By my reckoning the Dutch government is the fifth European government to fall as a direct result of the financial crisis, the other five being governments in Iceland, Ireland, Greece, and Italy. Prime Minister Mark Rutte led a coalition government and relied on the support of the charismatic leader of the populist and nationalist Freedom Party Geert Wilders. The latter refused to accept the latest round of austerity cuts and so withdrew support.

Politicians in the Netherlands are caught between two impossible and contradictory forces. On the one hand they are one of the few governments for which it is still realistic, and whose economy still makes it possible, to meet the strict deficit rules of the European Commission. The Netherlands Central Planning Bureau estimates that the deficit will rise to 4.7%, well above the 3% rule, and so further cuts are required.
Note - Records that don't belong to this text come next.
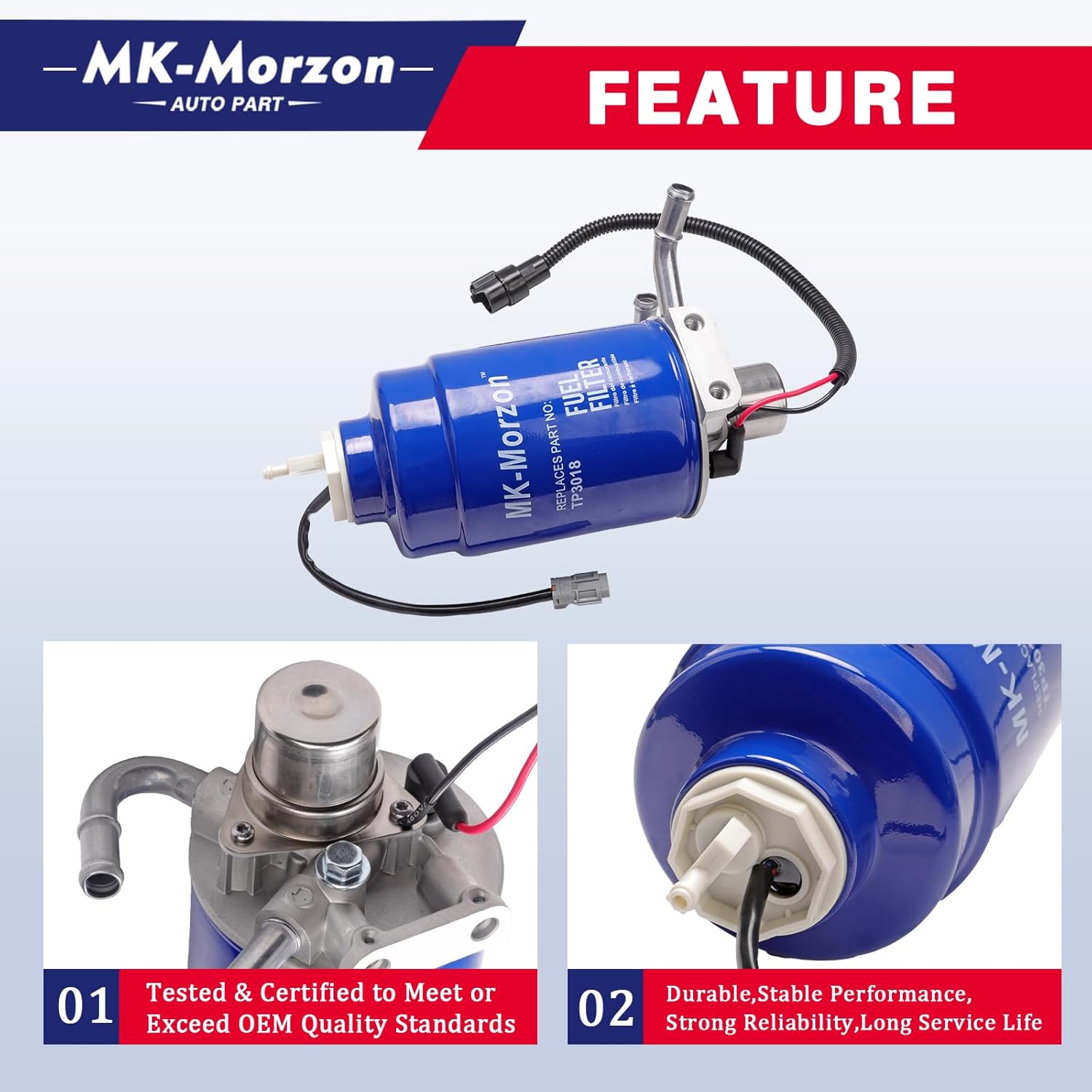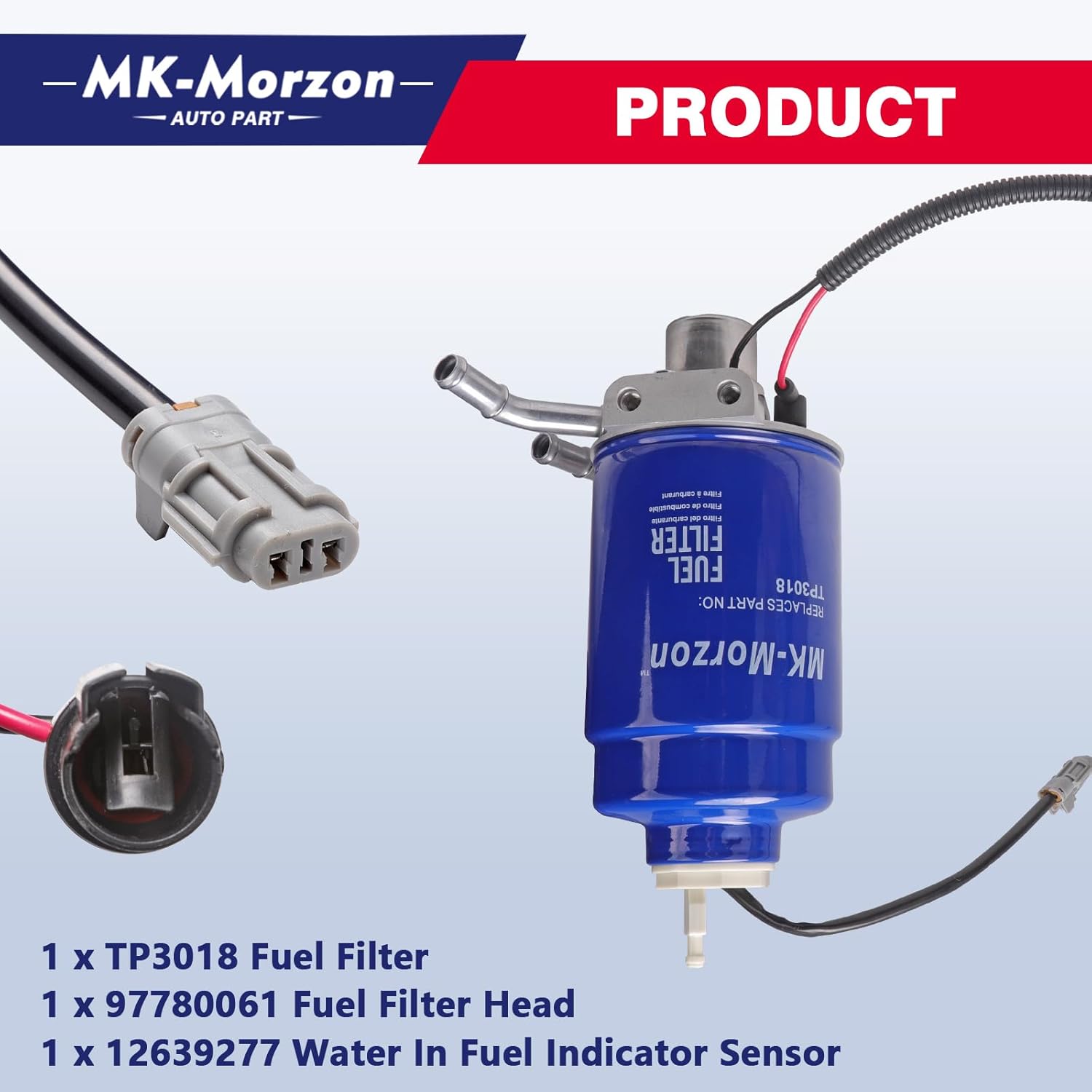 Advantage: 100% Tested Before Leaving the Factory. Tested & Certified to Meet or Exceed OEM Quality Standards. Part Number: 97780061 Fitment : Fit for Chevy : 2001-2004 Silverado 2500 HD 2001-2004 Silverado 3500 Fit for GMC : 2001-2004 Sierra 2500 HD 2001-2004 Sierra 3500 Includes: 1 x 97780061 Fuel Filter Head 1 x TP3018 Fuel Filter 1 x 12639277 Water In Fuel Indicator Sensor Support: 12 Months of Product Service Hassle-Free Return and Refund Policy.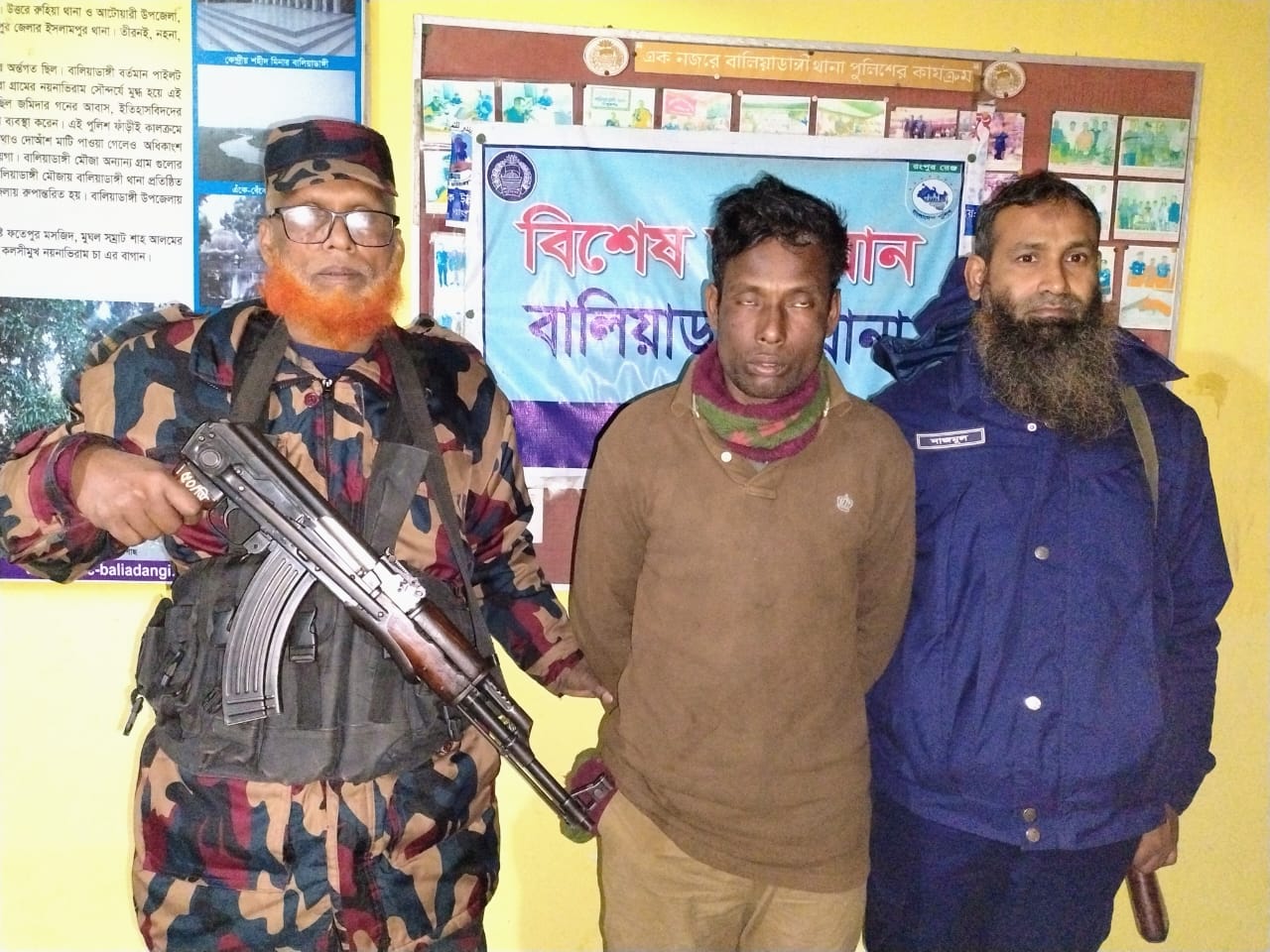 বিজিবি সূত্রে জানা যায়, গোপন গোয়েন্দা সংবাদের ভিত্তিতে গত ১ জানুয়ারি (বৃহস্পতিবার) রাতের দিকে ঠাকুরগাঁও জেলার বালিয়াডাঙ্গী থানাধীন বেউরঝাড়ী বিওপি এলাকার অভ্যন্তরে একটি বিশেষ টহল দল অভিযান পরিচালনা করে। অভিযানে সীমান্ত পিলার ৩৮০/৭ এস থেকে আনুমানিক দেড় কিলোমিটার বাংলাদেশের ভেতরে বেউরঝাড়ী নামক স্থানে এক ব্যক্তিকে আটক করা হয়।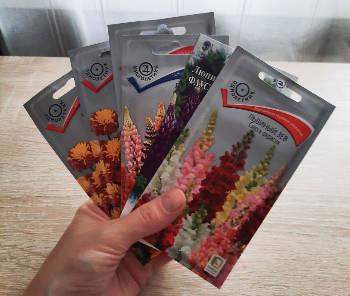 На работе завал, времени почти ни на что не хватает. Но в выходные успела немного закупиться семенами. Среди прочего, конечно же, - цветы. Взяла что попроще, чтобы не возиться с рассадой. Но не исключаю, что в ближайшее время все же приобрету цветы и на рассаду. Семена со своих дачных цветов не собрала в прошлом году, так получилось. Итак, первое приобретение - наверное, самые популярные у всех бархатцы. Классика всех садоводов-огородников. Я их обожаю. Взяла отклоненные, растут кустиками. Оба сорта невысокие, потому что сажаю их вдоль грядок. Цветут все лето и даже дольше) Так же сразу в грунт сажаю львиный зев. Рос у меня в позапрошлом году и чуть-чуть пророс в прошлом от упавших в землю семян. Вообще неприхотливый, ничего не делала после посадки, только любовалась. Еще взяла люпин. Так как высокий, хочу расположить у забора. Сажать на рассаду его не буду. Посмотрим, что получится. Вообще, конечно, в магазине глаза разбегаются. Хочется взять почти все. Но тут ведь еще важно плани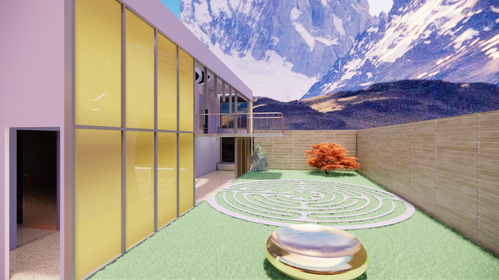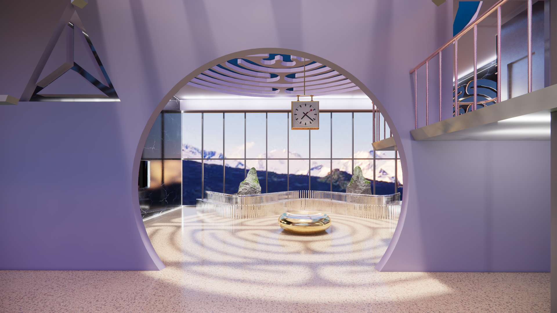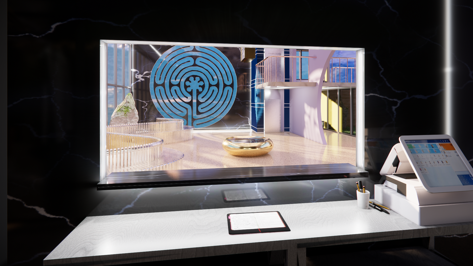 This conceptual work asks us to think about places and spaces where we can find a moment of serenity and connection to ourselves. “The Labyrinth’s Waiting Room” provides visitors with an opportunity to walk a labyrinth in the outdoor space and/or take a seat inside. The outdoor space takes cues from Japanese gardening. The inside space is inspired by a waiting area in the renovated Moynihan Train Hall. Visitors are encouraged to think about waiting not as an uncomfortable in-between state, but rather as the point. In the silence, a clock reminding us that time will never wait, we can find a moment of pause.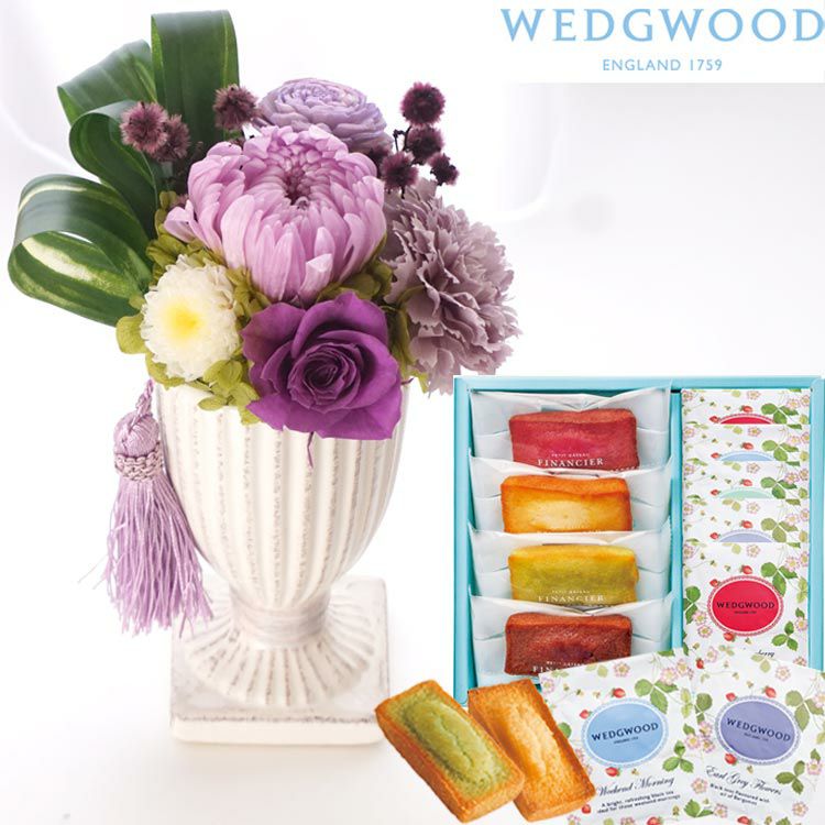 【お供え】お供えプリザーブドフラワー『花ごろも』パープルとフィナンシェ&【ウェッジウッド】ティーバッグセット WEDGWOOD FKTPOSW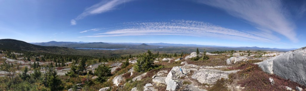 The view north from Moxie Bald Mountain’s summit ledges extends over the 100-Mile Wilderness to Katahdin. Photo by Carey Kish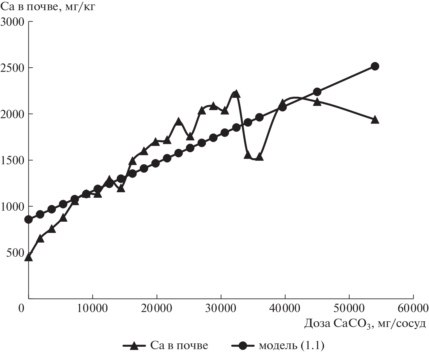 В 24-вариантном вегетационном прецизионном опыте, заложенном на кислой дерново-подзолистой супесчаной почве, мелиорированной конверсионным мелом (КМ) в широком интервале доз, установлено влияние известкования на содержание доступного для растений кальция в почве и его транслокацию в ткани рапса. Результаты свидетельствовали, что рапс является экологически пластичным видом растений. Возрастание количества внесенного мела от 0.1 до 3-х полных доз, рассчитанных по гидролитической кислотности, привело к увеличению концентрации Ca в рапсе в год известкования от 0.81 до 3.14%. Разработаны эмпирические зависимости концентрации кальция в почве и растениях от дозы применения мела. Рассмотрены 3 подхода к анализу экспериментальных данных, описывающие взаимосвязь содержания кальция в почве с его накоплением в тканях растений. Показано, что искусственное усреднение данных содержания кальция в почве при одинаковой дозе применения мелиоранта в отдельных повторностях приводило к потере информации, что отражалось в статистических характеристиках построенных эмпирических моделей.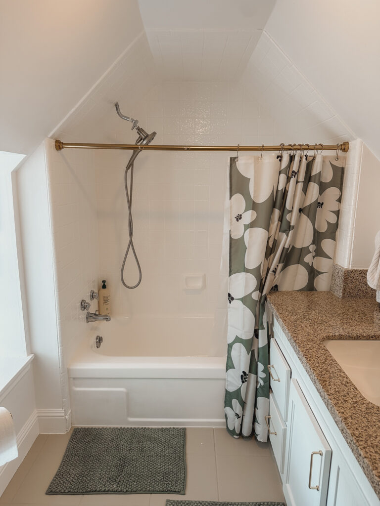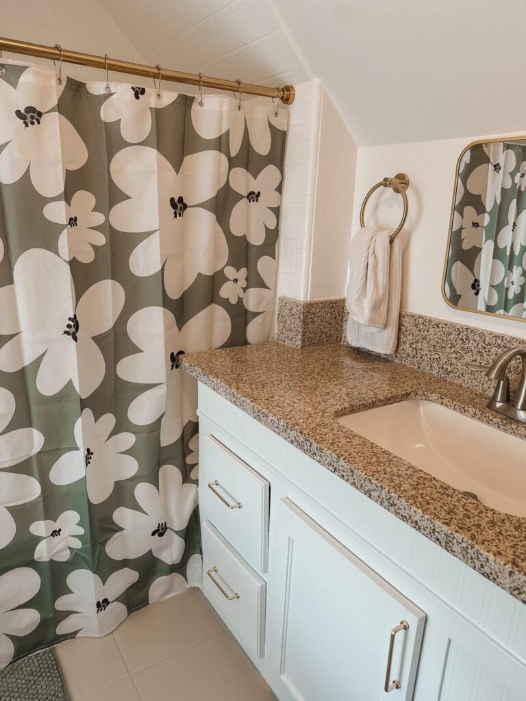 I love this shower curtain! I am admittedly not a huge fan of ultra-colorful kid decor and tend to prefer earth tones. This shower curtain was the best of both worlds! A gorgeous earthy green, my favorite color, with big bright whimsical flowers. Even though I got it in the shortest possible length and width and still had to cut about a foot off the bottom to fit this tiny shower. I hemmed the bottom using this mini sewing machine that I purchased to teach myself how to sew. The shower curtain rod is gorgeous and I was able to adjust it to fit this tiny shower by taking out one of the sections.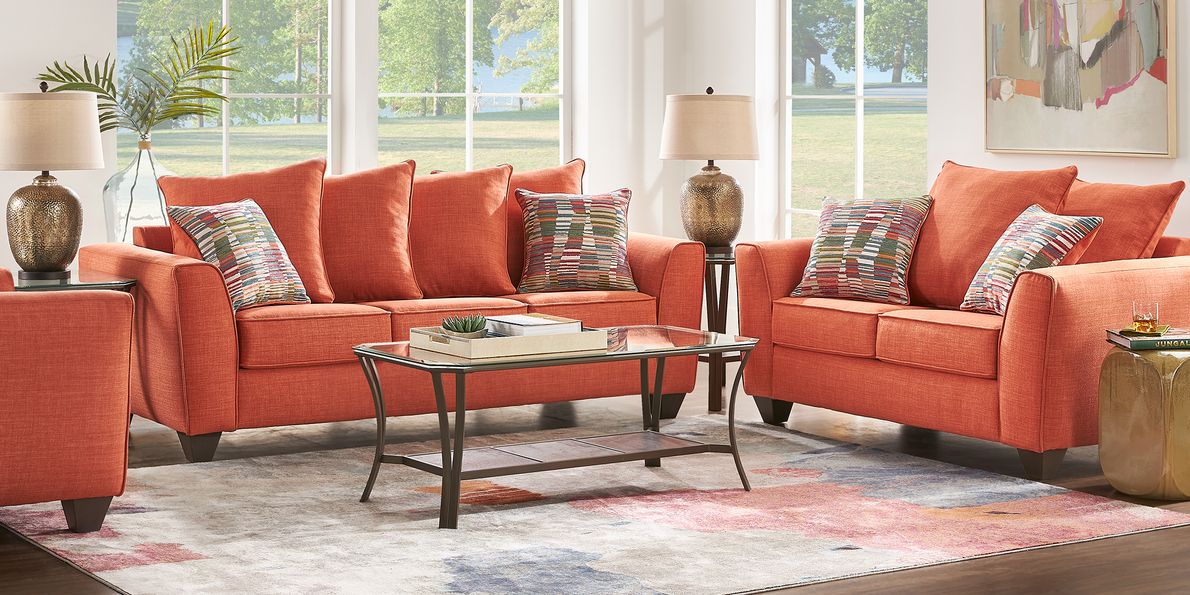 Primwell Place Orange 7 Pc Living Room with Gel Foam Sleeper Sofa

Meanwhile, unlike in the UK, voters in Holland have the ability to choose politicians who will resist these cuts, no matter how unsavoury their other policies, and hence the austerity necessary to meet EU rules cannot be forced through.

I am reminded of George Galloway's coarse yet appealing comparison of British politics to a 'three-cheeked backside'. It is precisely the point of our first-past-the-post electoral system to prevent the sort of fracturing of politics we are seeing now in many European countries, where voters lose faith in the orthodox, consensual politicians of the centre, leading to polarisation and growing support for charismatic politicians from the extremes. In Britain we are lucky that we only have the relatively harmless Galloway: across Europe we can witness a worrying pattern of electorates turning to demagogues of right and left to avoid the harshness of the consensus.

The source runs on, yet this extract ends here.